The hardest part is, you remain jealous of them. Somehow, that's how things go, and that's how they want it to be.
Saturn and I were joking about it a few days ago. With the frequency of earthquakes around the so-called Ring of Fire - one in New Zealand, one in Japan, one in the Philippines, almost simultaneously - I quipped that, at this rate, everything around the Pacific Ocean will break off the planet and exist on its own.
Of course, recalling that story right now seems awfully inappropriate. But my point's somewhere in the details. Saturn's in Montreal, and I'm in Manila. Saturn came from the Philippines, of course, and he's got relatives in the far-flung provinces. I was online when he heard of a minor earthquake strike the country - I can't remember where; I think it was in Mindanao - at the same time a fairly strong earthquake struck Japan. I told him we were fine. And then we cracked the jokes.
Today was no day for joking. Japan was struck by another earthquake - a magnitude 8.8 earthquake. Or 8.4. Or 8.9. The figure depends on what channel you're watching, but it's still a scary thing, a really scary thing, since the earthquake that triggered the 2004 tsunami in the Indian Ocean was just a magnitude 8, if I remember correctly. Although, maybe, if you're getting too stressed at the figures, a little joke could go a long way.
This quake was centered in the ocean, so the tsunami warning was inevitable. Seeing a torrent of water hit the coastal areas of northern Japan, on live television, on seven news channels, was the most surreal thing I've seen in a while. And it also meant we'll be hit. I'm in Manila, and we're safe as I write this, since we're not on the eastern seaboard where the Pacific waters lie. But it doesn't stop people here from panicking. We saw what happened in Indonesia six years ago. Probably live as well.
It's the dead hours of the morning in Montreal. Saturn can't sleep, worrying about his relatives here, who happen to be on the eastern seaboard. He's watching ANC online. I tell him to sleep. He won't, believing that he'll sleep better once he knows we're fine.
I get a message from Dinna, who's in Indonesia (as you probably know already), addressed to me and Valerie and Immie. She hopes we're fine. We're all fine, I reassure her.

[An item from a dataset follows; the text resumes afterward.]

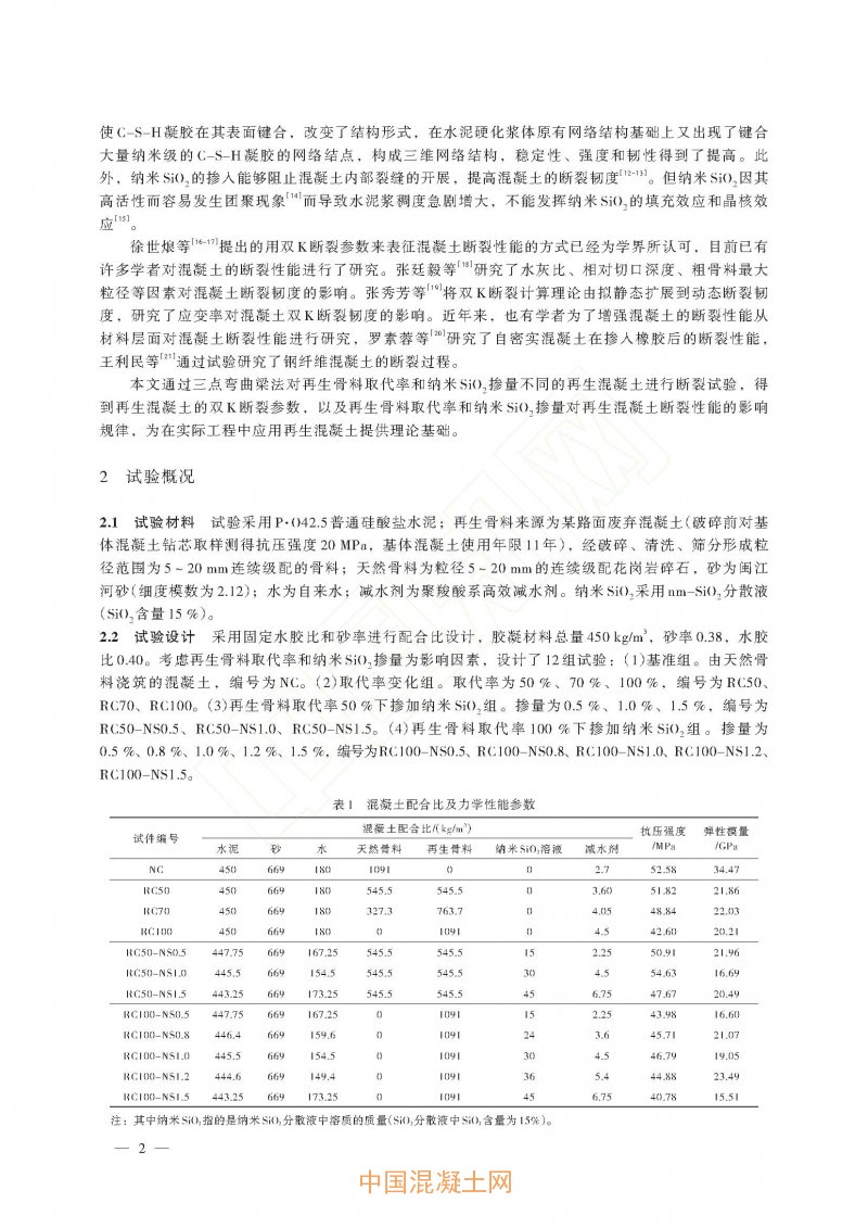 點擊下載全文:納米改性對再生混凝土雙K斷裂參數的影響

I send Jackie a message. She's in Taiwan, or so I thought; she'd later tweet from Hong Kong, I think, asking about tsunami alerts in Taiwan.

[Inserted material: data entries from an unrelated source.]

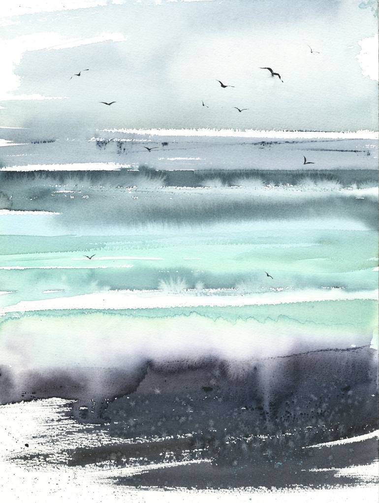 Original watercolor painting Medium: Watercolour on Paper Saunders Waterford 300g One a kind artwork Size:31 x 41 cm (unframed) / 12 x 16 in Signed on the front Style: abstract Subject: seascape 2022 Certificate of Authenticity is included Unframed
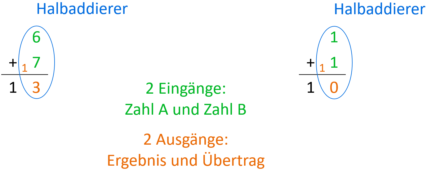 Ein Halbaddierer kann einzelne Ziffern addieren und bei Bedarf einen Übertrag weitergeben. Das ist bekannt aus der schriftlichen Addition:
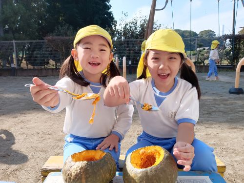 かぼちゃを収穫すると、「かぼちゃ食べたい!」「かぼちゃのおばけにして飾りたい!」という声が。
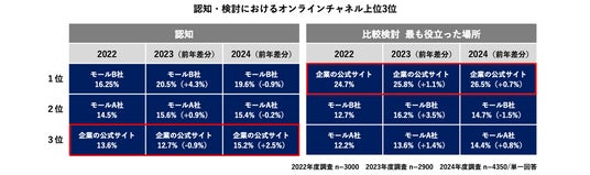 2.企業の公式サイトの役割本調査によると、生活者が情報収集の際に「企業の公式サイト」を利用する頻度が増加していることが明らかになり、2022年と比較して、認知が1.6pt、検討(最も役に立ったチャネル)が1.8ptと「企業の公式サイト」利用が伸長しています。(図7)

I see Krizzie worrying about her relatives in California, and the surfing areas in Hawaii, partly (presumably) because she's been itching to get a surf-perfect body in time for the summer, or whatever's left of it here. And then she realizes that all of this is happening outside surf season, "which means winds aren't strong enough to build big, big waves," she tweeted.
I send Chiaki a message, asking if her relatives - she's Japanese, after all - are fine. She reassures me that they're fine, as far as she knows.
A stranger sends me a message. Someone from the David Cook community, I presume; someone who knows Dinna, and judging from the message, Immie and Valerie as well. Wishing us all fine. I consider sending a reply.
"We'll be fine. Thanks for the prayers!"
I send Rae a message, not expecting a reply, since she's probably busy helping out, being a sailor and all.
Saturn drops me another line. "I'm getting a few hours of shut eye, as long as you guys are all fine."
It's fascinating how small the world is now. I'm not sure if it's a good thing. One thing gets amplified more than it should be. That works both ways. Maybe the Ring of Fire has broken off the planet and is now revolving independently around the sun. But, as I said, we'll be fine, unless something unforeseen happens, and heavens forbid it doesn't, because suddenly people will speak as if they're beside us, but act as if we're on opposite ends of the spectrum.